Results and discussion

Determination of the optimal supporting strategy

Complex 1 (Fig. 1), developed as a catalyst for CuAAC reactions,⁷ exhibits a notable stability even in the presence of free amino groups in the reacting molecules and has proved to be particularly efficient to catalyze CuAAC reactions on polymers.¹² The free hydroxyl group present in its structure, arising from the Grignard approach used for its synthesis, offers a good opportunity for polymer supporting. Moreover, according to the topology of the system, the supporting process should not perturb the catalytic function of the assembly.

Fig. 1 Immobilization strategy for complex 1, using a hydroxy group resulting from the synthetic design of the homogeneous ligand.

In our initial approach, the CuAAC reaction was selected for the supporting process through the intermediacy of an O-propargyl derivative. Thus, treatment of tris(triazole) 3 with NaH in DMF at 0 °C and reaction with propargyl bromide (Scheme 1) afforded 4 in good yield (82%). For polymer supporting, the commercially available Merrifield resin (1% DVB; f = 1.1 mmol g⁻¹) was first converted to azide 5 by treatment with sodium azide. The CuAAC reaction between 4 and 5 was performed in THF : DMF (1 : 1) at 40 °C for 48 h (IR monitoring) in the presence of 5 mol% of complex 1.⁷ The resulting functional resin 6 (f = 0.56 mmol g⁻¹) was finally converted to its Cu(I) complex 7 by shaking with a stoichiometric amount of CuCl in THF at rt for 15 h.

Scheme 1 Synthesis of the immobilized tris(triazolyl)methanol copper(I) complex 7.

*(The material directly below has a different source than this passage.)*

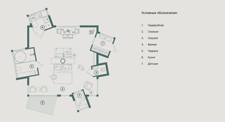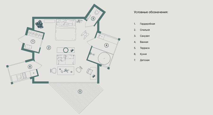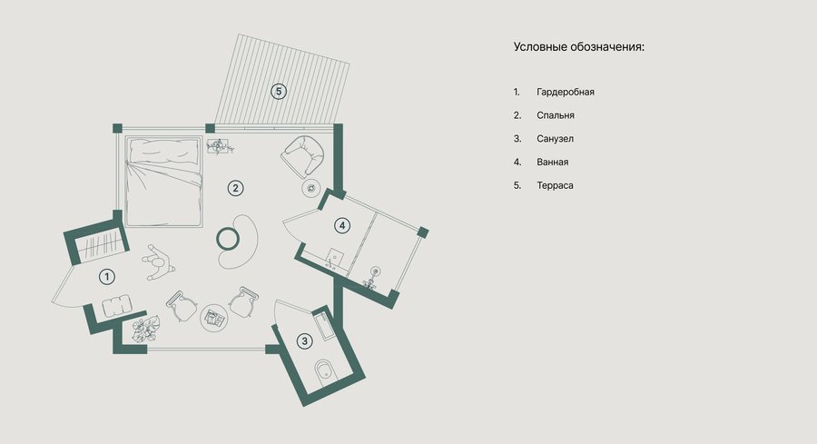 - Номера создаются из простых острых геометрических форм, где центром является спальня, а все остальные дополнительные функции встраиваются в нее под разными углами. Такое маневрирование, безусловно, помогает не нарушать существующий природный ландшафт.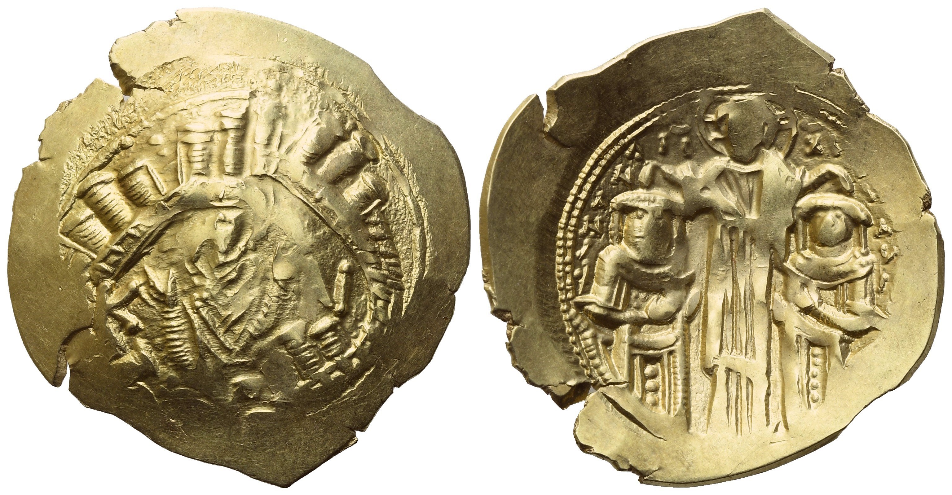 Bust of Virgin Mary, orans, flanked by MHP and ΘV,all within city walls furnished with six groups of towers. Rv./ Christ blessing Andronicus II and Michael IX, kneeling to left and right, respectively; in fields, IC - XC with the names of the emperors below. DOC 367. SB 2396. Good very fine / about extremely fine.

To our delight, when the CuAAC reaction between benzyl azide and phenylacetylene was performed in the presence of 1 mol% of 7 in water at 40 °C, the desired 1,2,3-triazole was obtained in 94% yield after only 3 h. However, when the direct recycling of 7 was attempted, a significant decrease in its catalytic activity was observed. On the other hand, 7 could be recycled and reused for 5 times without any loss of activity with the simple precaution of a short re-conditioning with CuCl in THF after each cycle. This behavior was indicative of Cu leaching from resin 7, possibly arising from a less geometrically favourable coordination of copper (in addition to the one depicted in Scheme 1) involving the participation of the additional triazole unit present on the linker.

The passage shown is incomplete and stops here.